*** Dataset extract ***
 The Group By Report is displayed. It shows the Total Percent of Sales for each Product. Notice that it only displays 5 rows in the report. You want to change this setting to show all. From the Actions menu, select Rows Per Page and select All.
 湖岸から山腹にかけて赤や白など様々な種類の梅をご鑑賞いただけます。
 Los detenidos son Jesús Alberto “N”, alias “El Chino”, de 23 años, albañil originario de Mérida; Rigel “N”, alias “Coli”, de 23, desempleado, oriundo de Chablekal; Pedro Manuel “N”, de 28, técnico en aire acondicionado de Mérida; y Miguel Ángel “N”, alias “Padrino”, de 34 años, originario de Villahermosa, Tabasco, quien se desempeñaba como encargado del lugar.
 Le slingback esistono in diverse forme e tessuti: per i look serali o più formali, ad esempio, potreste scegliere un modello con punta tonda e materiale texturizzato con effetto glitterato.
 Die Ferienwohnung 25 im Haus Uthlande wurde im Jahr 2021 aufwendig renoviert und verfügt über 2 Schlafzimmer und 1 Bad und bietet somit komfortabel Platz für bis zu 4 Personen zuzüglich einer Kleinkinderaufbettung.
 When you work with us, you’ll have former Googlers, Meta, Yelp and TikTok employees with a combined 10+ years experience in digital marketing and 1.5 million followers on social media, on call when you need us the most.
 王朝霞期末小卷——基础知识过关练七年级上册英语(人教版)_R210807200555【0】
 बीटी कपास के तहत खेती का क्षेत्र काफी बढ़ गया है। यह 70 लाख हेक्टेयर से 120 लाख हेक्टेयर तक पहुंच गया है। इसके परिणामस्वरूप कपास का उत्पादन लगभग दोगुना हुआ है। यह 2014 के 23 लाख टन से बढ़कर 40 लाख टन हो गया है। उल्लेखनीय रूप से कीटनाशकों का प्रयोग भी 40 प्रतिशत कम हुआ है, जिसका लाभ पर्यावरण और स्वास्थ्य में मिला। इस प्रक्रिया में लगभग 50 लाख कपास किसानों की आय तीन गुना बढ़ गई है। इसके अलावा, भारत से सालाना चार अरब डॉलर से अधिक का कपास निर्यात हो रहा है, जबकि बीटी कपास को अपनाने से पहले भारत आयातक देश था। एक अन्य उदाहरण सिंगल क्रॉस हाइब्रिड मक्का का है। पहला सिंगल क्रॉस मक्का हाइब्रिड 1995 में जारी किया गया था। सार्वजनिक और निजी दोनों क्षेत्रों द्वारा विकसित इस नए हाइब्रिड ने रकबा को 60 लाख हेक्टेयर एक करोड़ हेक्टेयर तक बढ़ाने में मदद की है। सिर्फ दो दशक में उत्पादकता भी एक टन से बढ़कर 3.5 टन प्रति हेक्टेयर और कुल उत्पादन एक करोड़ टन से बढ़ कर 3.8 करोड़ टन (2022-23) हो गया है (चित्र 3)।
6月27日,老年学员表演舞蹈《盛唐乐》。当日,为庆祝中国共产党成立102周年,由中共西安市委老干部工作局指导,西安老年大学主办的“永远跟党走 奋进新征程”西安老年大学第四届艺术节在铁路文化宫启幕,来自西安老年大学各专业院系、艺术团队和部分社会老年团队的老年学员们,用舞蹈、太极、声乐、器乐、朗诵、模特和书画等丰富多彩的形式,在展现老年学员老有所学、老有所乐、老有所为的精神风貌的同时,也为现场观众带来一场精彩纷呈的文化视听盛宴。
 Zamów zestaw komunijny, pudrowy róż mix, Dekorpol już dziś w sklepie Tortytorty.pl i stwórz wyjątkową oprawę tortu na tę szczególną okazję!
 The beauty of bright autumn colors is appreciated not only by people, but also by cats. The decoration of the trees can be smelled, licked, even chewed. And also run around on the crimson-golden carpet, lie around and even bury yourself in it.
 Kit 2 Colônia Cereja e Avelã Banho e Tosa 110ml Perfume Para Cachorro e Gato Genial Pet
***
An exact copy of the lines above, from the one containing "湖岸から山腹にかけて赤や白など様々な種類の梅をご鑑賞いただけます。" down to the one containing "王朝霞期末小卷——基础知识过" and including both, is the whole answer; retype it and nothing else.

■ Exercise answer
 湖岸から山腹にかけて赤や白など様々な種類の梅をご鑑賞いただけます。
 Los detenidos son Jesús Alberto “N”, alias “El Chino”, de 23 años, albañil originario de Mérida; Rigel “N”, alias “Coli”, de 23, desempleado, oriundo de Chablekal; Pedro Manuel “N”, de 28, técnico en aire acondicionado de Mérida; y Miguel Ángel “N”, alias “Padrino”, de 34 años, originario de Villahermosa, Tabasco, quien se desempeñaba como encargado del lugar.
 Le slingback esistono in diverse forme e tessuti: per i look serali o più formali, ad esempio, potreste scegliere un modello con punta tonda e materiale texturizzato con effetto glitterato.
 Die Ferienwohnung 25 im Haus Uthlande wurde im Jahr 2021 aufwendig renoviert und verfügt über 2 Schlafzimmer und 1 Bad und bietet somit komfortabel Platz für bis zu 4 Personen zuzüglich einer Kleinkinderaufbettung.
 When you work with us, you’ll have former Googlers, Meta, Yelp and TikTok employees with a combined 10+ years experience in digital marketing and 1.5 million followers on social media, on call when you need us the most.
 王朝霞期末小卷——基础知识过关练七年级上册英语(人教版)_R210807200555【0】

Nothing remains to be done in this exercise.